Hongming Zhou received the B.Eng. and Ph.D. degrees from Nanyang

Technological University, Singapore, in 2009 and 2014, respectively.

He is currently a Research Fellow with the School of Electrical and

Electronic Engineering, Nanyang Technological University. His current

research interests include classiﬁcation and regression algorithms such as

extreme learning machines, neural networks, and support vector machines

as well as their applications including heating, ventilation and air condition-

ing system control applications, biometrics identiﬁcation, image retrieval, and

ﬁnancial index prediction.

Lihua Xie (F’07) received the B.E. and M.E. degrees from the Nanjing

University of Science and Technology, Nanjing, China, in 1983 and 1986,

respectively, and the Ph.D. degree from the University of Newcastle,

Callaghan, NSW, Australia, in 1992, all in electrical engineering.

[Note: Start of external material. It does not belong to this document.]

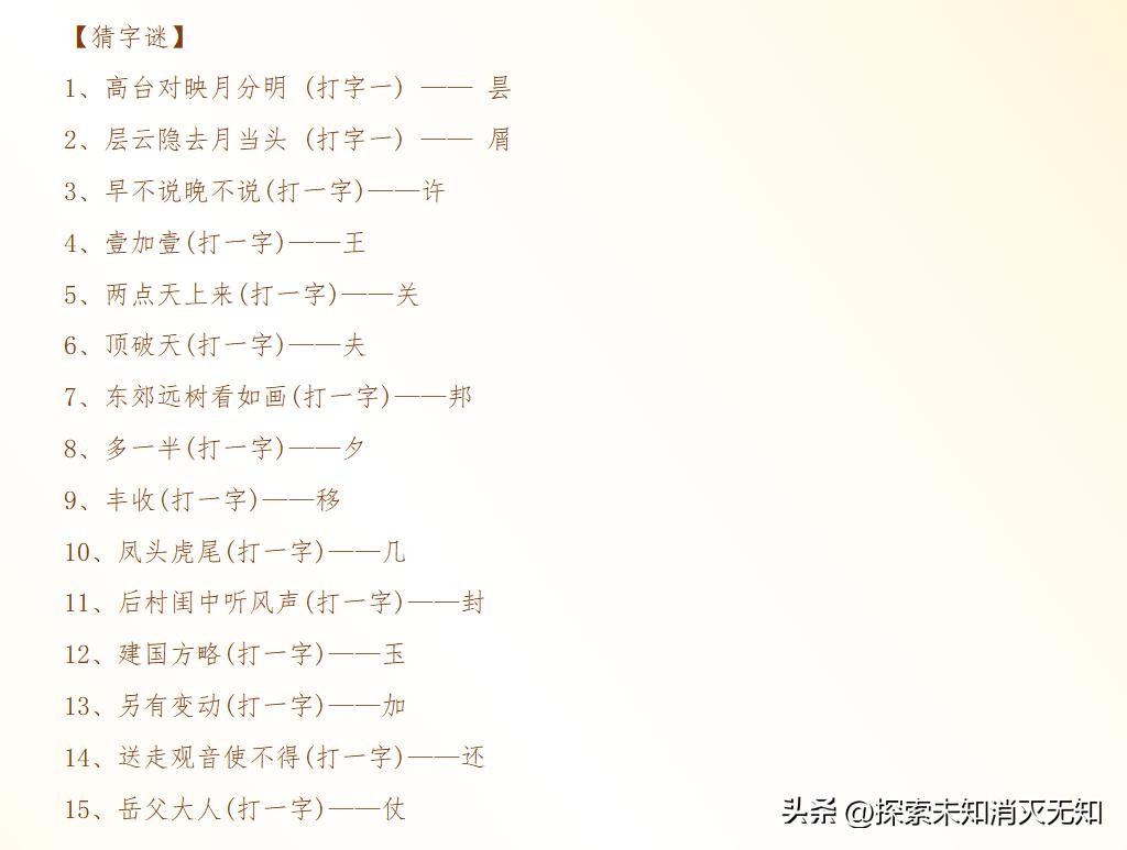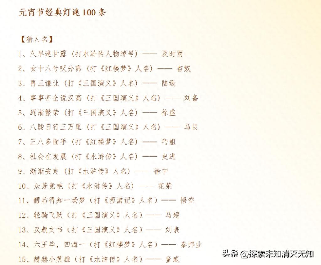 元宵节各类经典灯谜100条

Since 1992, he has been at the School of Electrical and Electronic

Engineering, Nanyang Technological University, Singapore. From 1986 to

1989, he was a Teacher at the Department of Automatic Control, Nanjing

University of Science and Technology. From 2006 to 2011, he was a

Changjiang Visiting Professor at the South China University of Technology,

Guangzhou, China. From 2011 to 2014, he was a Professor and the Head of

Division of Control and Instrumentation at Nanyang Technological University,

Singapore. His current research interests include robust control and estimation,

networked control systems, multiagent networks, and unmanned systems. He

has published over 260 journal papers and co-authored two patents and six

books.

Prof. Xie has served as an Editor of IET Book Series in Control and an

Associate Editor of a number of journals including the IEEE TRANSACTIONS

ON AUTOMATIC CONTROL,Automatica, the IEEE TRANSACTIONS ON

CONTROL SYSTEMS TECHNOLOGY, and the IEEE TRANSACTIONS ON

CIRCUITS AND SYSTEMS-II.

Guang-Bin Huang (SM’04) received the B.Sc. degree in applied mathematics

and M.Eng. degree in computer engineering from Northeastern University,

Shenyang, China, in 1991 and 1994, respectively, and the Ph.D. degree in

electrical engineering from Nanyang Technological University, Singapore, in

1999.

He was at the Applied Mathematics Department and Wireless

Communication Department of Northeastern University. From 2001, he was

an Assistant Professor and an Associate Professor (with tenure) at the School

of Electrical and Electronic Engineering, Nanyang Technological University,

Singapore. He is the Principal Investigator of several industrial sponsored

research and development projects. He has also led/implemented several key

industrial projects including the Chief Architect/Designer and the Technical

Leader of Singapore Changi Airport Cargo Terminal 5 Inventory Control

System Upgrading Project. His current research interests include big data

analytics, human computer interface, brain computer interface, image process-

ing/understanding, machine-learning theories and algorithms, extreme learning

machine, and pattern recognition. He was the Highly Cited Researcher listed

in 2014—The World’s Most Inﬂuential Scientiﬁc Minds by Thomson Reuters.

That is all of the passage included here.